Fig. 4. Intranasal vaccination with RBD-fused engineered HSA in Tg32-hFc mice induces robust antigen-specific antibodies beyond that of intramuscular vaccination and of an alternative carrier.

a Illustration of Tg32-hFc mice expressing human FcRn and chimeric IgG1 with human Fc (chIgG1), and RBD-specific IgG and IgA in sera, BALF, nose and saliva of female mice at endpoint (prime dose: 6.2 μg RBD and 20.0 μg RBD-QMP in combination with 20 μg CpG), and the ability of the antibodies in sera and BALF to b inhibit human ACE2-RBD binding and c inhibit cellular infection by SARS-CoV-2 pseudovirus of the ancestral strain (Wuhan). d Percentage of antigen-specific B-cells in mediastinal lymph nodes. e Illustration of Tg32-hFc mice that were intranasally or intramuscularly vaccinated with RBD-QMP, and RBD-specific IgG and IgA in sera and BALF 5 weeks after initial vaccination of male mice (prime dose: 20.0 μg RBD-QMP in combination with 20 μg CpG) f RBD-specific IgG and IgA in sera, BALF, nose and saliva of female and male Tg32-hFc mice at endpoint (prime dose: 20.0 μg RBD-QMP (2 F, 3 M) and 22.0 μg RBD-Tf (3 F, 2 M) in combination with 20 μg CpG), and g the ability of the antibodies in sera and BALF to inhibit human ACE2-RBD binding. All serology was detected using FCBA. Bars indicating group mean ± SD with individual mice represented as a single datapoint (a RBD n = 5 and RBD-QMP n = 6, except nose RBD n = 3, b, e, f, g n = 5, except e RBD n = 3 (intranasal) or n = 4 (intramuscular)). Pseudovirus neutralization c presented as technical duplicates of pooled biological samples per group (RBD n = 5 and RBD-QMP n = 6). d All mediastinal lymph nodes per group (PBS n = 3, RBD and RBD-QMP n = 5) were merged and samples prepared in technical triplicate (PBS as duplicate) for flow cytometry. a, b, f, g Two-tailed unpaired t-test, and e Two-tailed Mann–Whitney test. a–c, e–g Partially created in BioRender.
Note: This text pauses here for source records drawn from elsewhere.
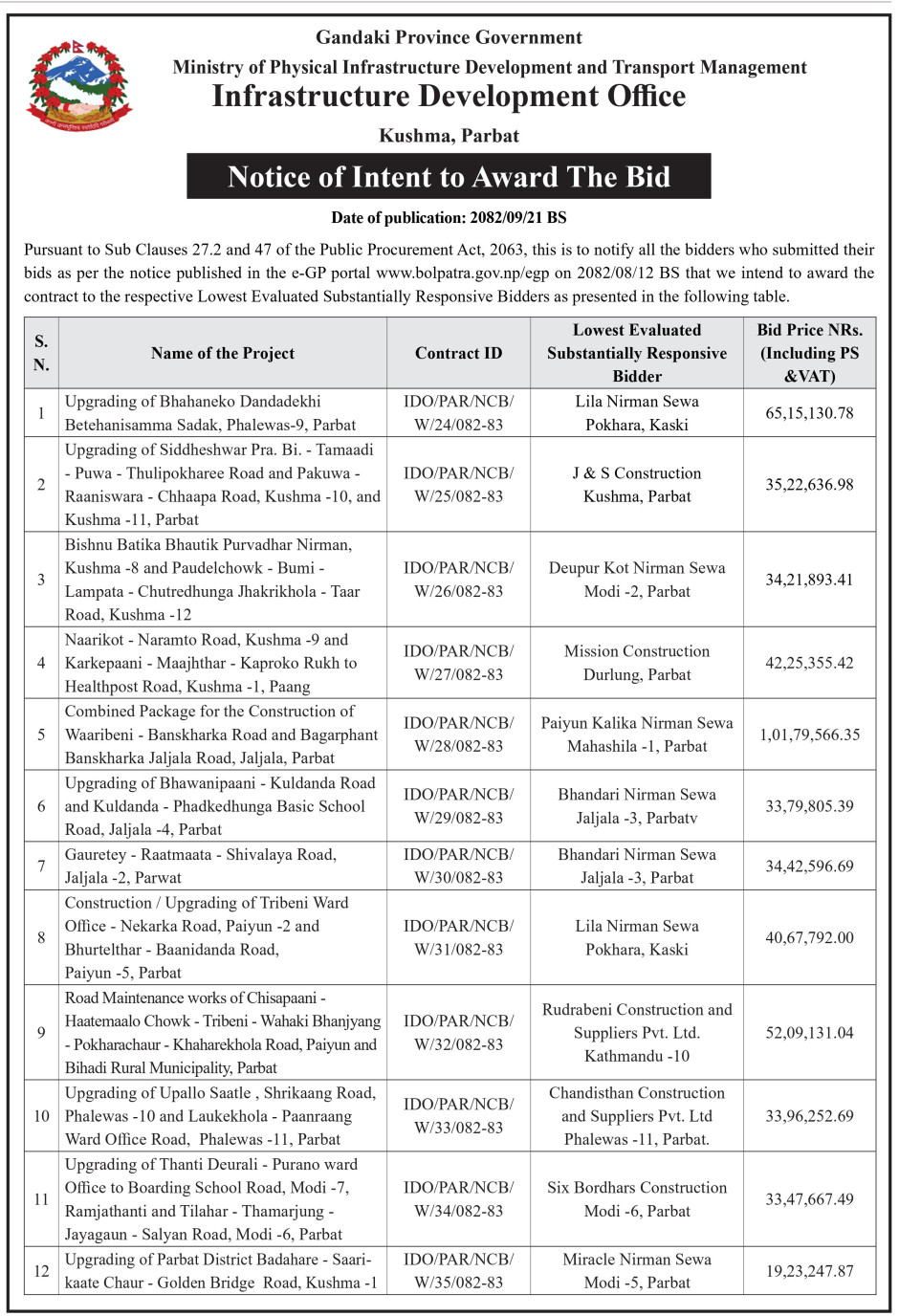© सर्वाधिकार सुरक्षित पूर्वाधार विकास कार्यालय, पर्वत
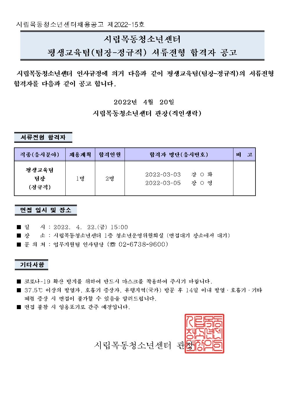 | [½Ã¸³¸ñµ¿Ã»¼Ò³â¼¾ÅÍ] Æò»ý±³À°ÆÀ(ÆÀÀå-Á¤±ÔÁ÷) ä¿ë ¼·ùÀüÇü ÇÕ°ÝÀÚ °ø°í | ||
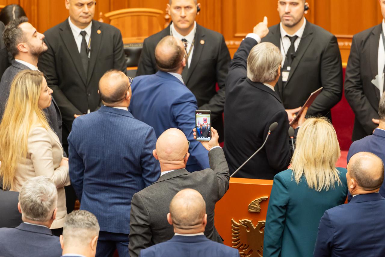 FOTOT/ Berisha bën kameramanin me iPad në dorë në Kuvend, deputetët e PD bllokojnë foltoren, ç’ndodhi në 20 minuta seancë ‘blic’
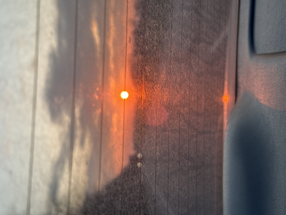 The image depicts an outdoor scene at either sunrise or sunset, viewed from inside a vehicle through a rear window
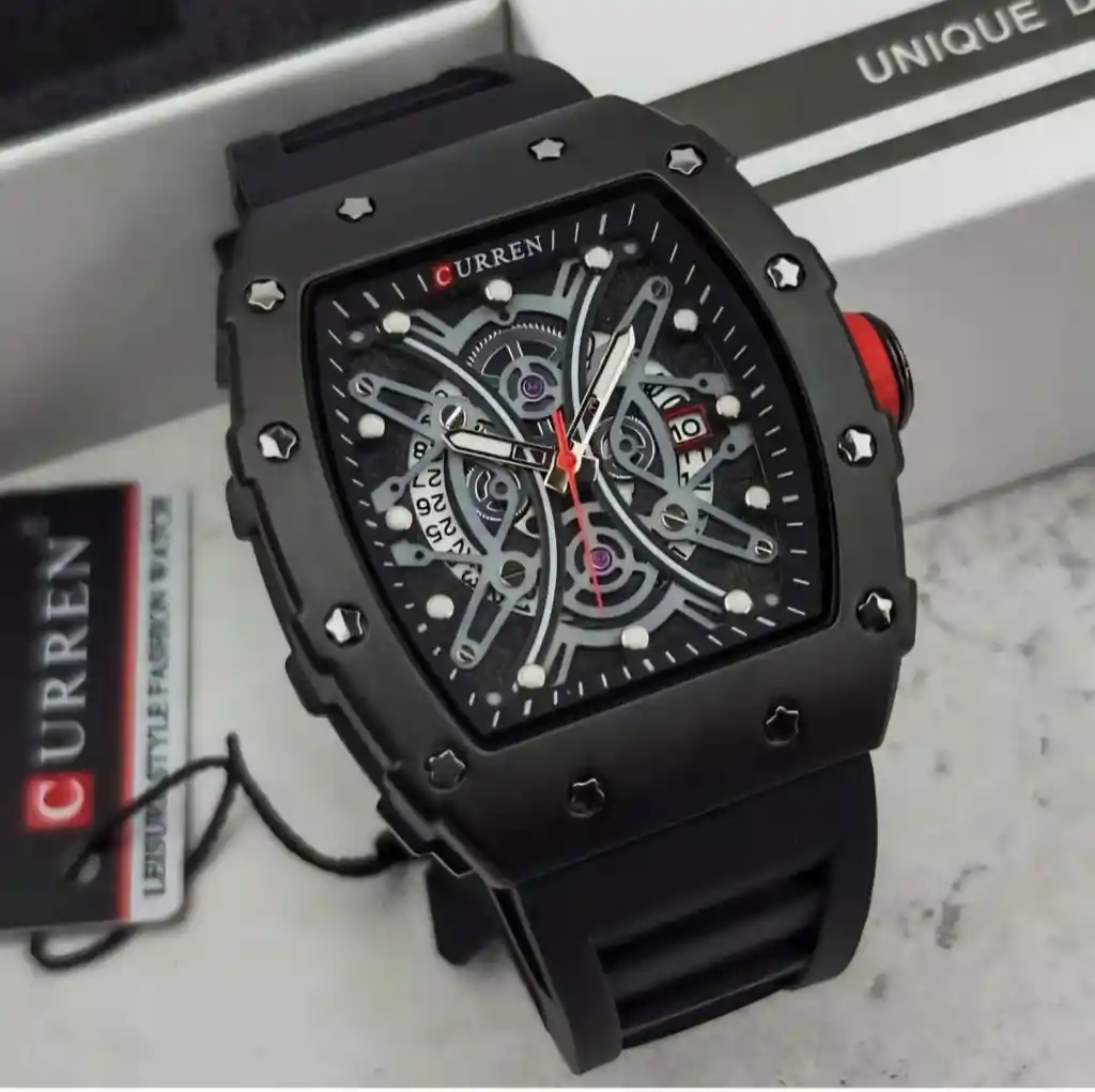 Reloj Curren Original es un reloj de cuarzo para hombre con un diseño deportivo y de negocios, que combina lujo y practicidad. Marca y Modelo: Curren 8438. Estilo: Moda, casual y deportivo. Movimiento: Cuarzo preciso. Materiales: Caja: Aleación o acero inoxidable. Correa: Silicona, duradera y cómoda. Cristal: Vidrio mineral de alta dureza. Características: Esfera semihueca (esqueleto). Función de fecha automática/calendario. Manecillas luminosas para facilitar la lectura en condiciones de poca luz. Resistencia al agua: 3 ATM (30 metros), adecuado para salpicaduras, pero no para nadar o ducharse. Dimensiones aproximadas: Diámetro de la caja: 43 mm. Longitud de la correa: 24 cm. Cierre: Tipo hebilla. El reloj utiliza tecnología de revestimiento IP para un color duradero que no se desvanece con el tiempo. Es un accesorio versátil que se adapta a diversas ocasiones.
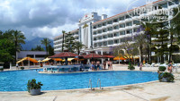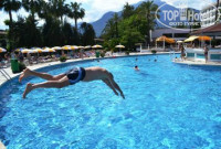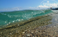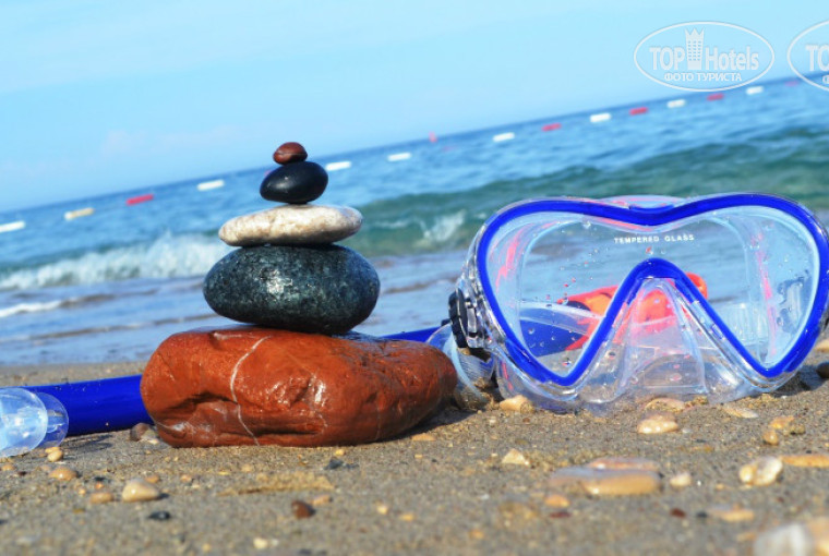 Территоря отеля вся в зелени. Ухоженная и красивая. Видов для фото и видео предостаточно. Пляж песочный. Вход в море мелкая галька, дальше крупные округлые камни. В море практически не купались. Вода была холодная. Хотя желающих поплавать и попрыгать с пирса было достаточно. Мы проводили время в основном возле бассейна и в аквапарке за главным корпусом. На море - прогулки на катере, шхунах, парашюты и т.д. (платно)

Fig. 5. Intranasal vaccination with RBD-fused engineered HSA induces antibodies solely toward the subunit vaccine antigen.
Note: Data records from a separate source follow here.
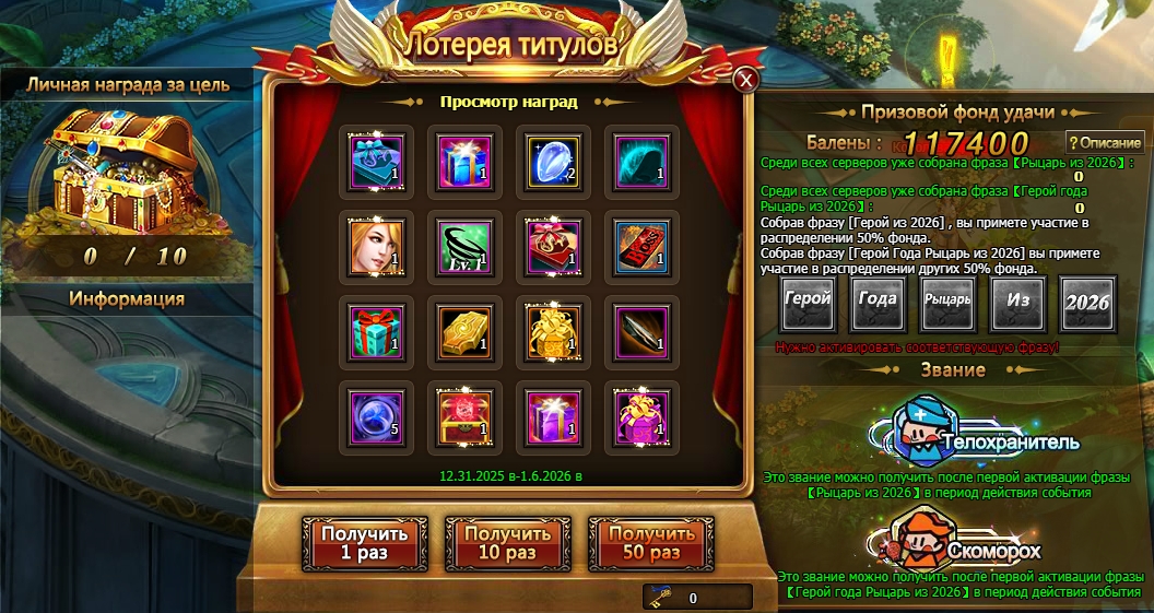 3.    С 31 декабря по 6 января участвуйте в Лотерее титулов, получайте уникальные награды и щедрый возврат баленами.
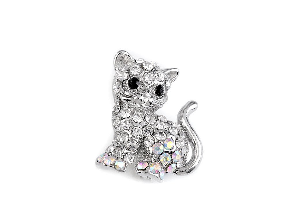 Brož s broušenými kamínky kočka
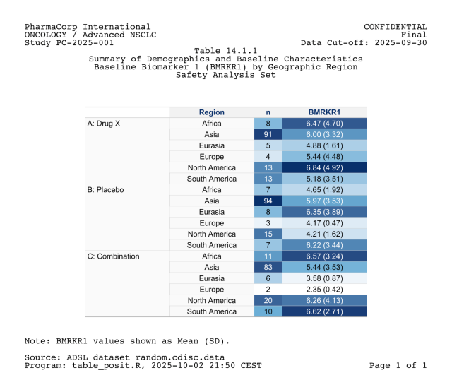 This submission provides the means to create submission-ready table artifacts with protocol numbers, data cutoff dates, confidentiality notices, and complete traceability metadata. Built by combining {gt} for elegant styling with {gridify} for regulatory-compliant framing, it transforms CDISC baseline characteristics into something that would absolutely just sail through FDA review.

a Illustration of the RBD-fused albumin with CpG site-specifically conjugated to cysteine 34 (C34) in domain I of albumin, distal from the principal FcRn binding site. b RBD-specific IgG and IgA in sera, BALF, nose, and saliva at endpoint after intranasal vaccination of female Tg32-hFc mice (prime dose: 20.0 μg RBD-QMP with or without 20 μg CpG, 21.4 μg CpG-RBD-QMP, or PBS). c Percentage antigen-specific B-cells in mediastinal lymph nodes. d Illustration of ELISA for detection of antibodies against human albumin (HSA) after vaccination, and HSA-specific antibodies generated at endpoint after intranasal prime and boost with QMP-containing albumin detected using human IgG. e Illustration of the HSA/hFcRn mouse model expressing human FcRn and HSA. Immune responses at endpoint after intranasal vaccination of female mice (prime dose: 6.2 μg RBD, 20.0 μg RBD-WT and 20.0 μg RBD-QMP in combination with 20 μg CpG) displaying f RBD-specific IgG and IgA antibodies in sera and BALF, respectively, and g HSA-specific mouse IgG antibodies in sera. Serology was detected using FCBA (b and f) or ELISA (d and g). Bars indicating group mean ± SD with individual mice represented as a single datapoint (except d) and curve plots presented as biological mean per group ± SD. b, d, f, g n = 6, except RBD-QMP n = 5. c All mediastinal lymph nodes per group n = 6, except RBD-QMP n = 5 were merged and samples prepared in technical triplicate for flow cytometry. b and f One-way ANOVA with Tukey’s multiple comparison. a and e Created or b, d, f, g partially created in BioRender.